Tek-Tips is the largest IT community on the Internet today!

Members share and learn making Tek-Tips Forums the best source of peer-reviewed technical information on the Internet!

  • Congratulations IamaSherpa on being selected by the Tek-Tips community for having the most helpful posts in the forums last week. Way to Go!

Merging two files together

Status
Not open for further replies.

Guest_imported

New member
Jan 1, 1970
0
Hello,

I've got two kinds of textfiles. The first kind of file contains English sentences and phrases (one on each line). Every word is followed by its part of speech tag. The second kind of file contains the French translations of these English sentences (again one sentence on each line). The first French sentence is the translation of the first sentence in the English file, etc. For instance:

File 1:

He/3PS is/BEZ eating/VBG cheese/NN with/IN a/Art\ yellow/Adj spoon/NN
John/NN took/VBD his/Pr dog/NN with/IN him/Pr
She/Pr was/BED a/Art girl/NN with/IN a/Art big/Adj and/Conjlovely/Adj smile/NN

File 2:

Il/3PS mange/VBS du/Art fromage/NN avec/IN une/Art\ cuillère/NN jaune/Adj
Jean/NN prennait/VBD son/Pr chien/NN avec/IN lui/Pr
Elle/Pr était/BED une/Art fille/NN avec/IN un/Art grand/Adjet/Conj beau/Adj sourire/NN

(The backslashes "\" are used to indicate that the lines do not stop there! On each line there's only one sentence. So, the "\"'s do not belong to the input!)

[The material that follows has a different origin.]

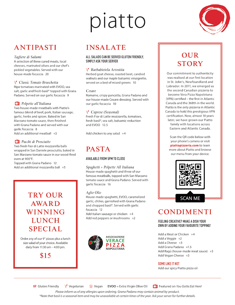 Welcome to Piatto Pizzeria Enoteca, a culinary gem nestled in St. John's, NL. This vibrant pizzeria offers a delightful range of dishes that celebrate authentic Italian flavors.
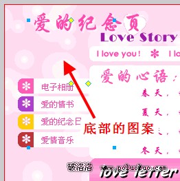 第一步當然是設計網頁的主題文字“愛的紀念頁”,將原來的Logo圖標用這個主題替換,然後把英文部分用“Love Story”來替換,文字的字體可以自行選擇,文字的顏色可以沿用模板Logo文字的顏色以便和網頁整體風格協調。在設計頁面的時候可以使用一些Fireworks自帶的特效,例如在主題文字“愛的紀念頁”底部添加一點夢幻的圖案(圖5)。

I need to write a script that combines these two files into the following third file:

is,BEZ,eating,VBG,cheese,NN,with,IN,a,Art,yellow,Adj,\ spoon,NN,avec
took,VBD,his,Pr,dog,NN,with,IN,him,Pr,=,=,=,=,avec
was,BED,a,Art,girl,NN,with,IN,a,Art,big,Adj,and,Conj,avec

So from the English file, I'm only interested in the preposition (in this case "with") and the three words (if any) by which this preposition is preceded and by which it is followed. If there are no three words that precede or follow the preposition, the empty fields should be filled with a "=".
Words and tags should be separated by comma's. From the French file, I'm only interested in the prepositions. These should be placed at the end of each line in the new file. In this way it is easy to see how each English preposition is translated into French. Every line should eventually contain 15 fields.

Is it possible to do this with gawk?

Febri





 
IMO You would have to pay for this one.
But still: try comp.lang.awk there are some old time
meisters out there looking for a challenge.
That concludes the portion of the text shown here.